Search the material for the string "with" and copy each line where it occurs.

***** Exercise input *****

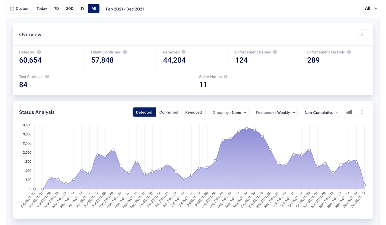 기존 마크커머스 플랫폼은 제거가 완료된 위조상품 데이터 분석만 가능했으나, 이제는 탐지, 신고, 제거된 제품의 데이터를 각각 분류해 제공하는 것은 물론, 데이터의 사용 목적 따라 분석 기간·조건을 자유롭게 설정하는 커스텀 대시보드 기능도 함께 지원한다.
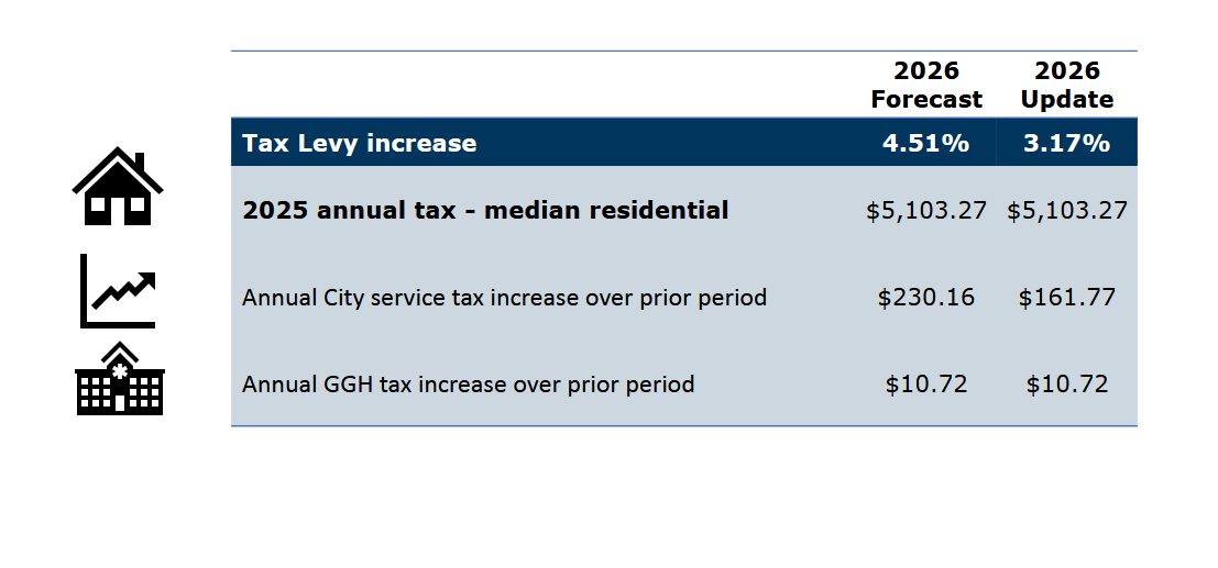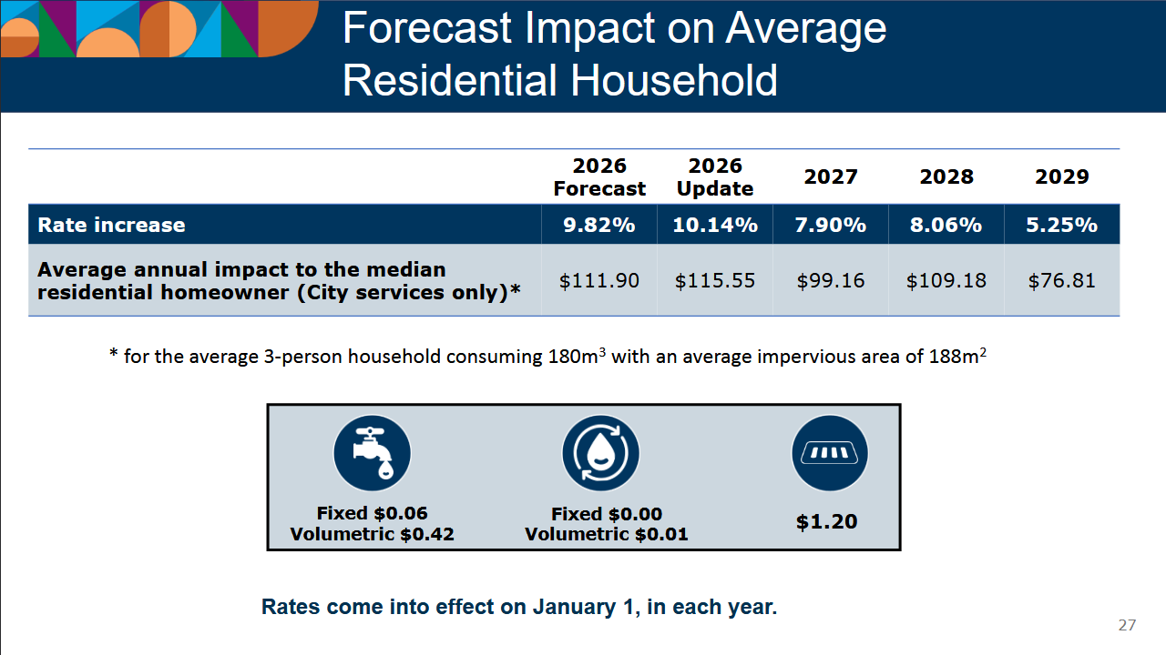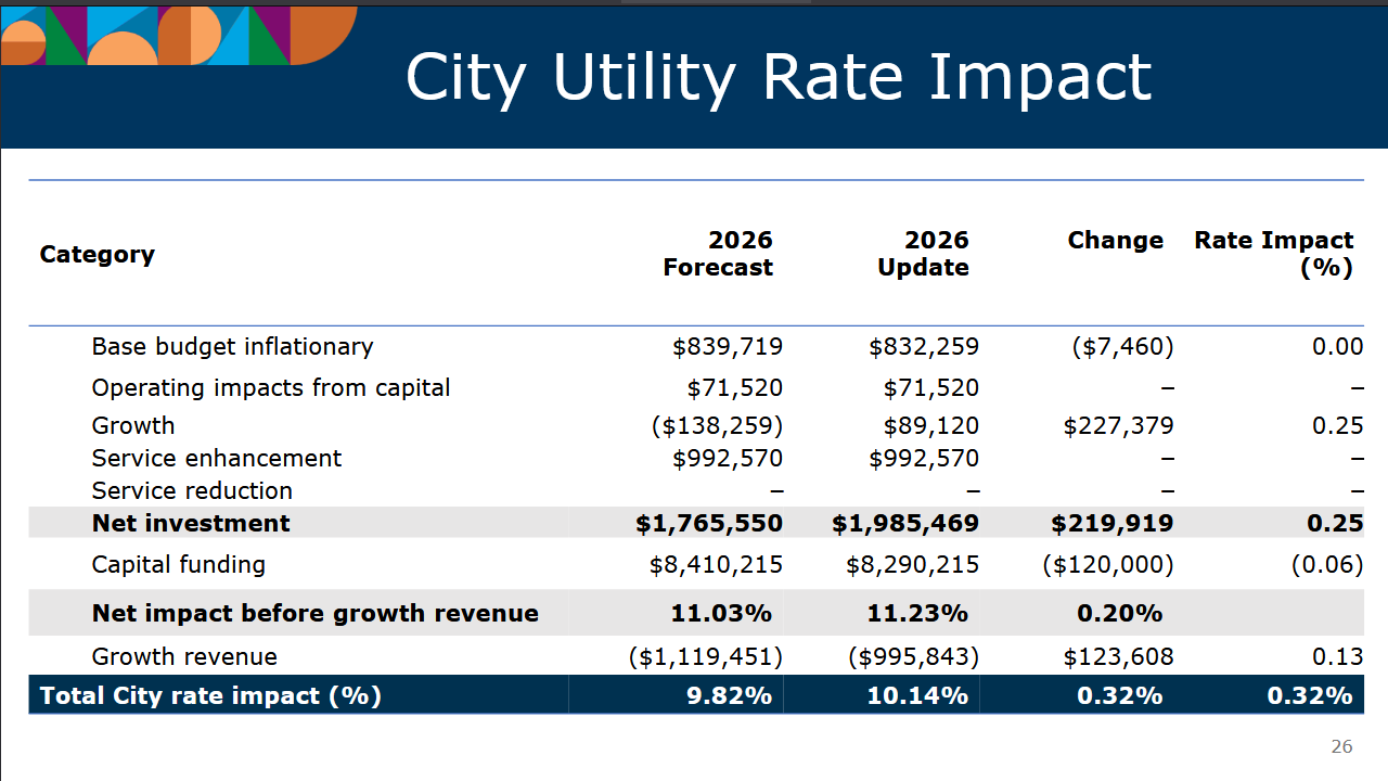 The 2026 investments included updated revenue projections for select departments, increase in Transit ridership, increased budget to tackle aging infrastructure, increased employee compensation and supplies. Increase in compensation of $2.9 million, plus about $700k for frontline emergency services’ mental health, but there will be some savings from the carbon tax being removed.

*****
***** Exercise input *****

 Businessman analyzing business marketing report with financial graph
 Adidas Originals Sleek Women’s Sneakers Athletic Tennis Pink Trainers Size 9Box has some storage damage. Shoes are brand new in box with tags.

*****

Answer to the exercise:
 Businessman analyzing business marketing report with financial graph
 Adidas Originals Sleek Women’s Sneakers Athletic Tennis Pink Trainers Size 9Box has some storage damage. Shoes are brand new in box with tags.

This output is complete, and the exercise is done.